[What the exercise asks]
Take the records below from their first line through the line holding "Banc de jardin", and set each of those lines down exactly, without pictures.
• • • •
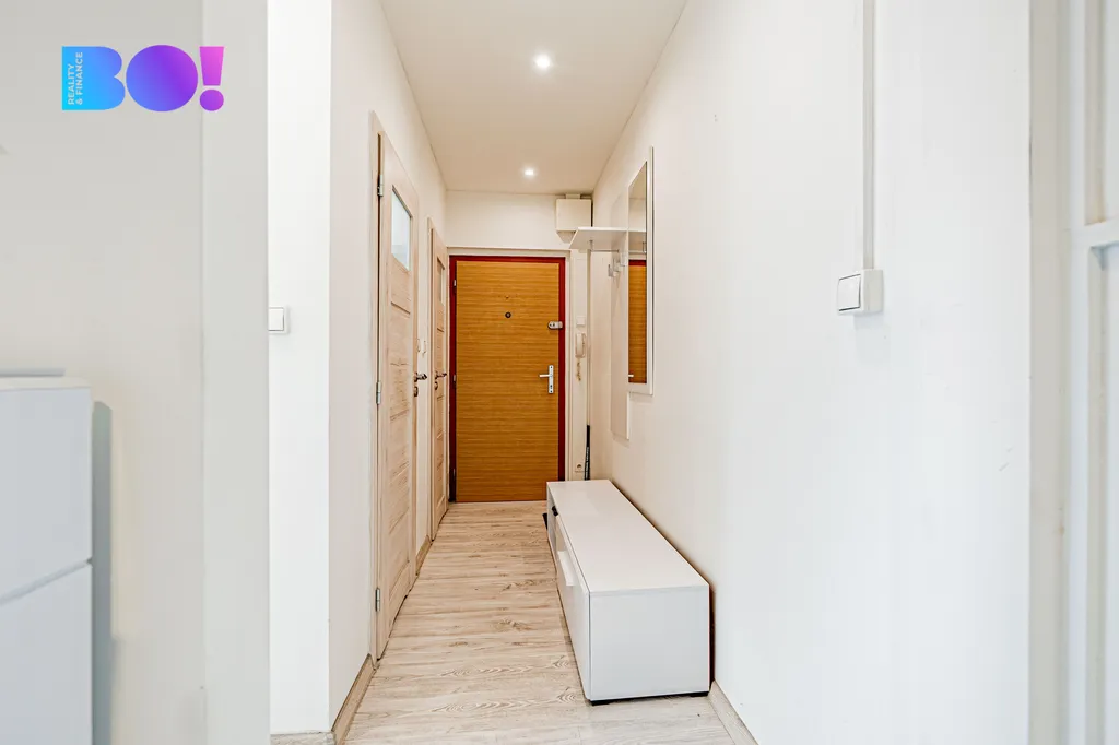 Velkou výhodou bytu je prostorná chodba , kdy na konci chodby je dostatek prostoru pro úložný prostor.
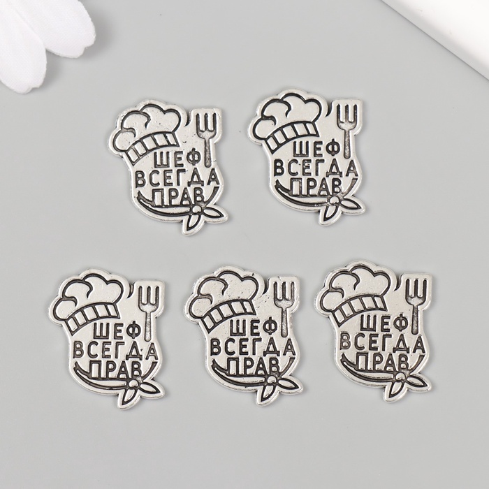 Декор металл для творчества «Повар - Шеф всегда прав», набор 5 шт., 2.5×2.1 см
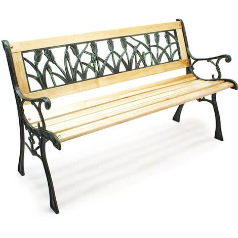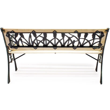 Banc de jardin Ulrike Bois et Fer de fonte Dossier avec Design Tulipes
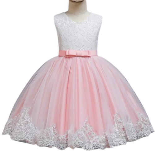 Przepiękna sukienka w eleganckim biało-różowym kolorze z dopasowaną opaską na główkę. Górna część wykonana z białej koronki z eleganckim dekoltem w kształcie serca bez rękawów. Główną ozdobą jest spektakularna koronkowa kokarda w biało-różowym kolorze na talii - delikatny wzór koronki pięknie komponuje się z całością. Spódnica w różowym odcieniu ozdobiona białymi koronkowymi aplikacjami nadaje stroju wyjątkowego, bajkowego charakteru. |
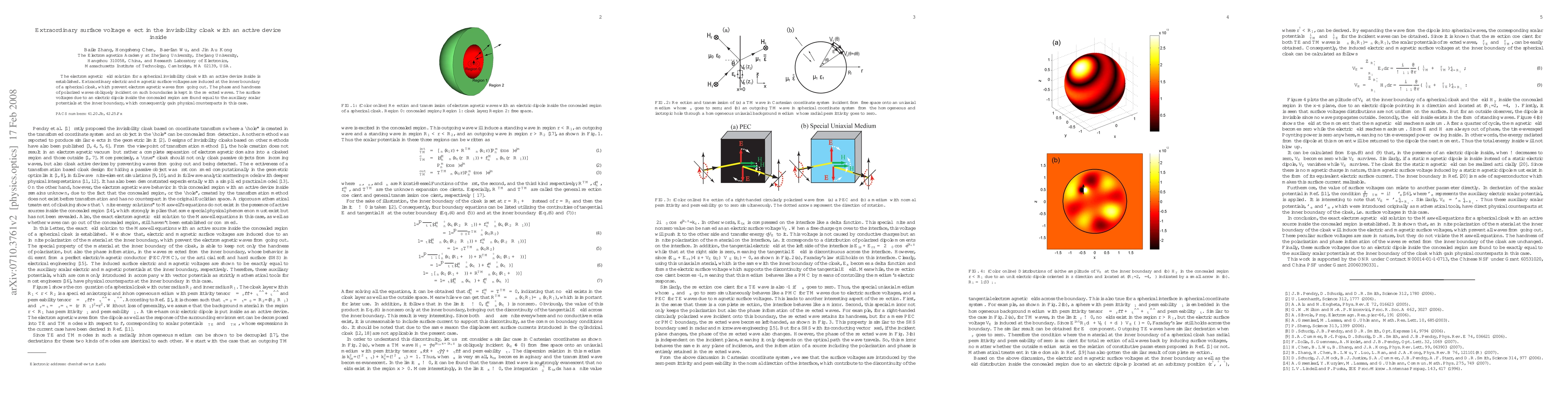 Summary: This paper establishes an electromagnetic solution for a spherical invisibility cloak with an active device, revealing induced extraordinary surface voltages that prevent wave leakage. These voltages maintain the phase and handedness of reflected waves, linking electric dipole effects inside the cloak to auxiliary scalar potentials at the inner boundary.
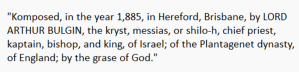 “Lord” Bulgin had drawn attention to himself by publishing some political “manifestos,” which included some miserably composed and bizarrely spelled poetry, which was shared by the Chronicle:
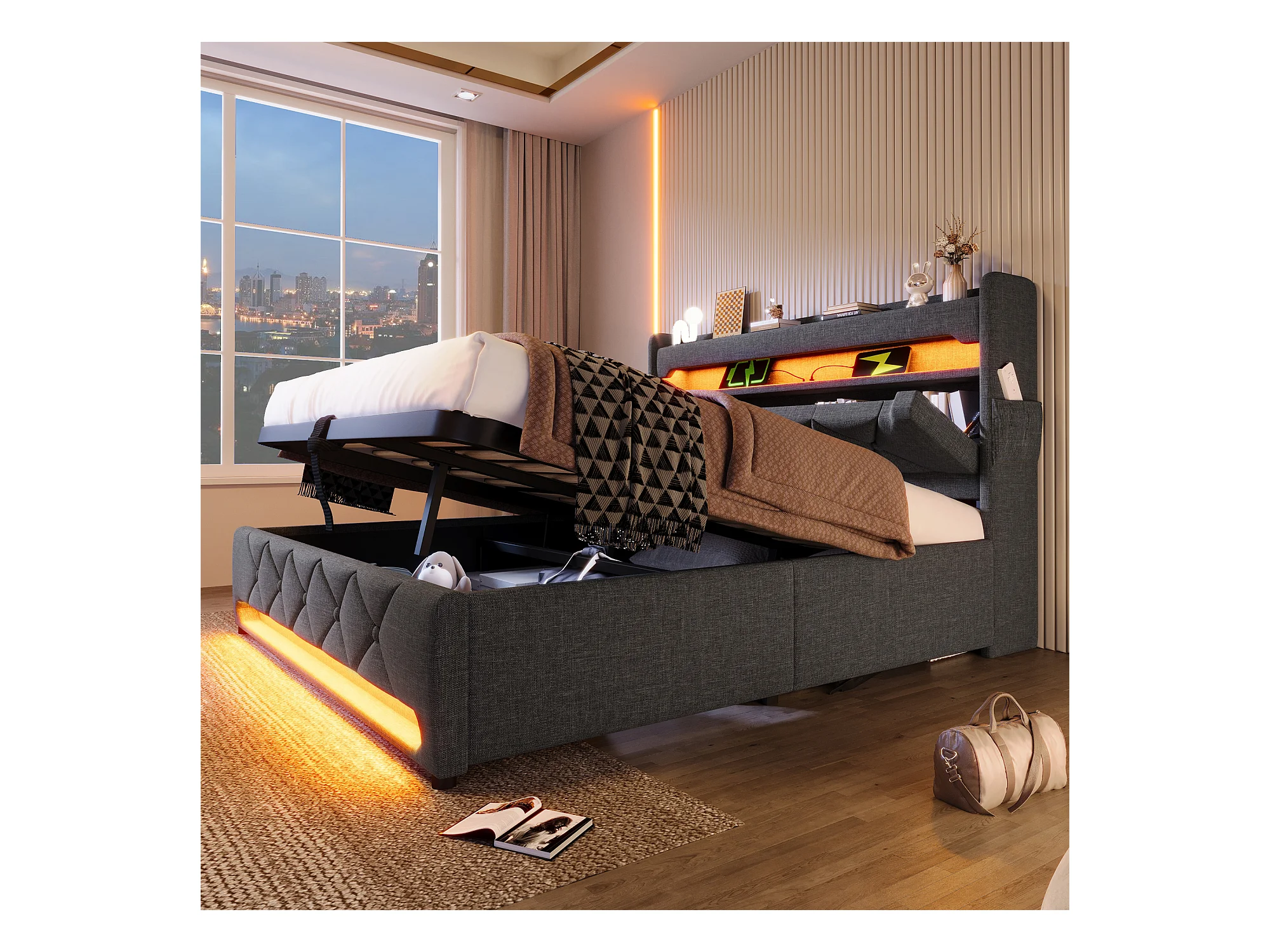 Lit coffre rembourré - 160 x 200 cm - tête de lit avec USB + Type-C + Leds - rangement hydraulique - avec matelas - lin - gris
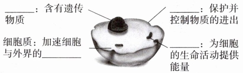 (2) 观察并绘图:人的口腔上皮细胞为不规则状,含有____、细胞膜(显微镜下不易看清,可调____视野)、细胞质等。画一个细胞结构简图并标注各部分的名称。
• • • •
[Response box]
 Velkou výhodou bytu je prostorná chodba , kdy na konci chodby je dostatek prostoru pro úložný prostor.
 Декор металл для творчества «Повар - Шеф всегда прав», набор 5 шт., 2.5×2.1 см
 Banc de jardin Ulrike Bois et Fer de fonte Dossier avec Design Tulipes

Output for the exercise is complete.